Refactor the module structure of the namespace module

[jjcnn]

Description

Fixes #5498.

This PR contains a major refactoring of the namespace module, which is responsible for keeping track of the symbol bindings in the program. The refactoring is intended to reduce memory allocation during compilation, and also fixes a number of minor bugs related to path resolution.

Advice to the reviewer:

I recommend reviewing this PR in 3 steps:

1. Review the PR description. If something in the description is unclear, then leave a review comment, and I will try to address the issue. The code changes will be significantly easier to review once you get the overall idea of what is happening.
2. Review the files sway-core/src/semantic_analysis/namespace/root.rs, sway-core/src/semantic_analysis/namespace/namespace.rs and sway-core/src/language/call_path.rs. These files contain the major datastructure changes, and if anything in those files needs to be addressed, then there is limited value in reviewing the rest of the code changes.
3. Review the remaining files. These code changes are all consequences of the changes in step 2, so it shouldn't take too much time, even though there are quite a few changes.

Remaining issues

No remaining issues except for what reviwers bring up.

Breaking changes

As illustrated by one of the test cases the PR makes paths to external libraries such as ::core::codec::* illegal. This is a bugfix rather than a change in behavior (the correct path is core::codec::*), but may require updates of existing programs.
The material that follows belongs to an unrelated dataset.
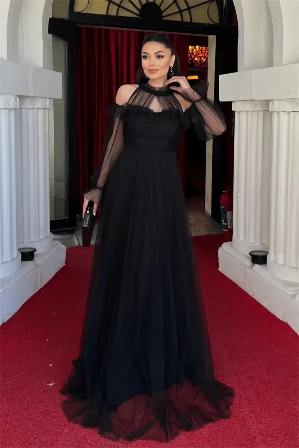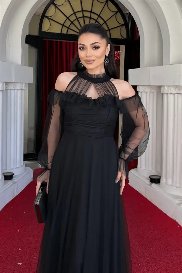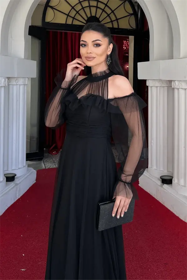 Тюлевое платье с оборками | Элегантная модель с длинными рукавами на подкладке

Additionally, the visibility check for modules was broken, so some modules declared using mod x would have incorrectly been considered public even though it should have been declared pub mod x. Again, this is a bugfix rather than a change of behavior, but may require updates of existing programs.

Changes made by this PR

Representation of the dependency graph (main file: sway-core/src/semantic_analysis/namespace/root.rs)

Previous: External libraries were represented as submodules of every module in the program. This meant that every module in every external package was cloned for every module in the program, and recursively so, since external libraries could also have dependencies that required clones for every module. In particular, std has core as a dependency:

                       core:

                       "" (lib.sw)
          /         /     |         \      \	
   primitives  raw_ptr  raw_slice  slice   ...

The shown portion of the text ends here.